Syncthing relay TCP connections

Hello. How many TCP connections does the relay need to establish for each client in order for the relay to work?

1.5, on average.

I’m not very knowledgeable about networking stuff, why is there a fraction in that answer? Is there randomness? Why? Also, should the relay in principle work if there is only one established TCP connection between a client and the relay? I thank you for your knowledge and time.

One data connection and, for the listening side, one control connection.

What’s the background for the question, though?

I couldn’t make the relay work on campus.

A few days ago I decided to roll a private relay. From my limited observations, I guess that when a client (A) connection is established with the relay a control channel is established. If there are no other clients on the relay to talk to that’s the only connection.

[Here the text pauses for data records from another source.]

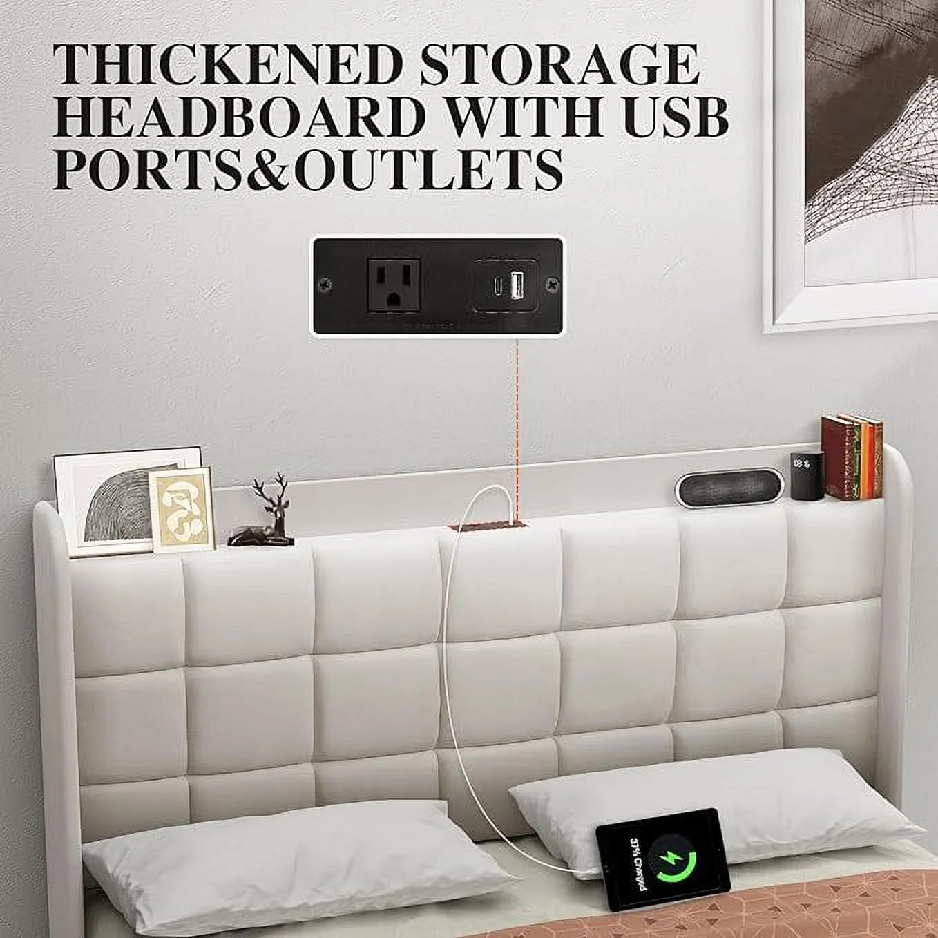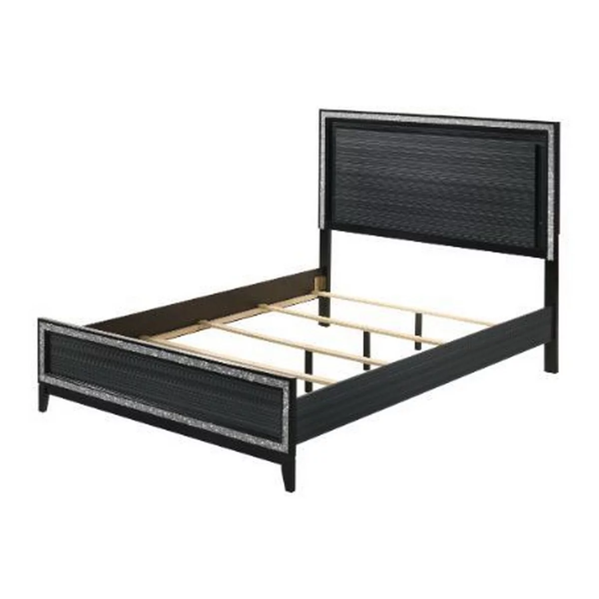 Benjara Eastern King Bed with LED Headboard and Shimmering Trim, Black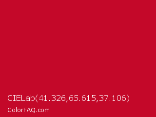 CIELab 41.326,65.615,37.106 Color is a normal red color and the nearest color is Red NCS #c40233. Hex code #c40829 and RGB value is rgb(196,8,41). In RGB color space, this color is composed of 77% red, 3% green, 16% blue, In CMYK color space, this color is composed of 0% cyan, 96% magenta, 79% yellow , 23% black , In HSL color space, this color has a hue angle of 349° , 92% saturation and 40% lightness.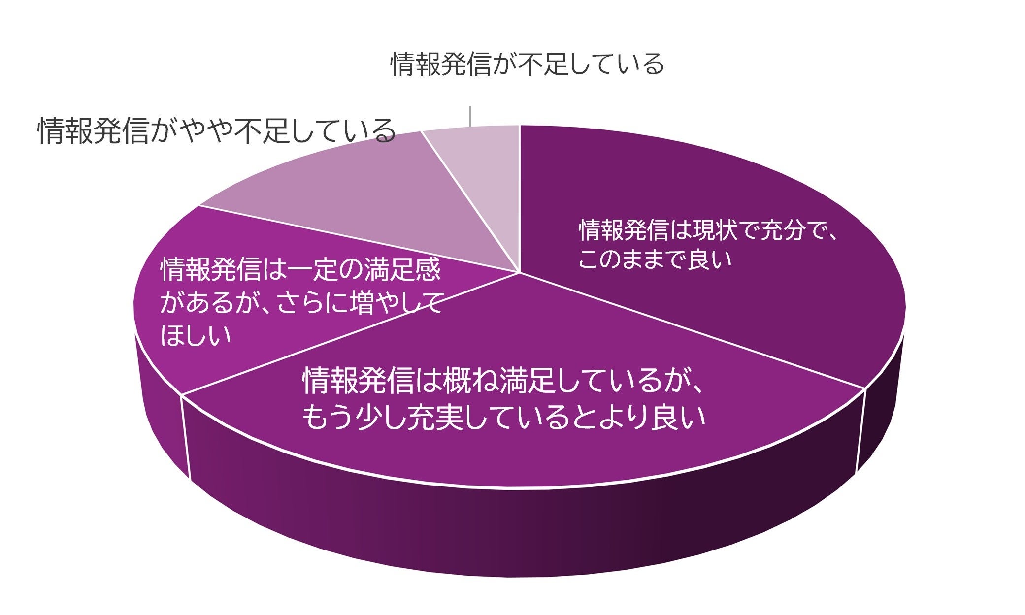 「もう少し充実していると良い」「さらに増やしてほしい」「やや不足」「不足」計が6割程度。各企業の情報発信が増えることで、より広いマーケットにリーチできるかもしれません。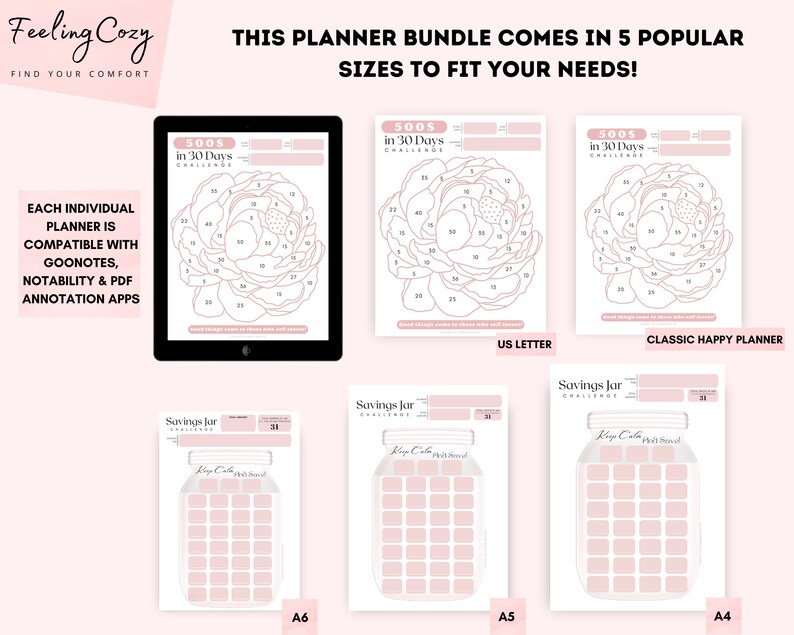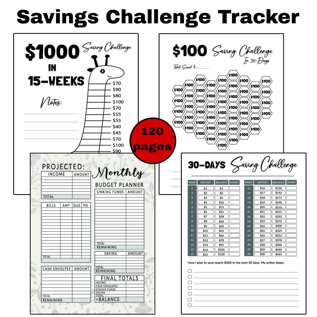 PRINTABLE Savings Challenge Tracker Bundle 4 Budgeting Etsy

As soon as another client (B) (where sharing has been configured) connects to the relay, I am guessing a couple of things happen TCP-wise, in no particular order:

  1. a control channel is made with B
  2. a data channel is made with A
  3. a data channel is made with B

The relay then does its thing.

The problem I think, is that on campus the control channels appear if I remember right. But no other channels are established. The clients don’t see each other. I think this is why the relay won’t work and the reason for my questions. I guess no additional ports can be opened on the ip address.

When I switch the network from using campus services to my phone hotspot, the relay works again and I see four connections established. The clients see each other.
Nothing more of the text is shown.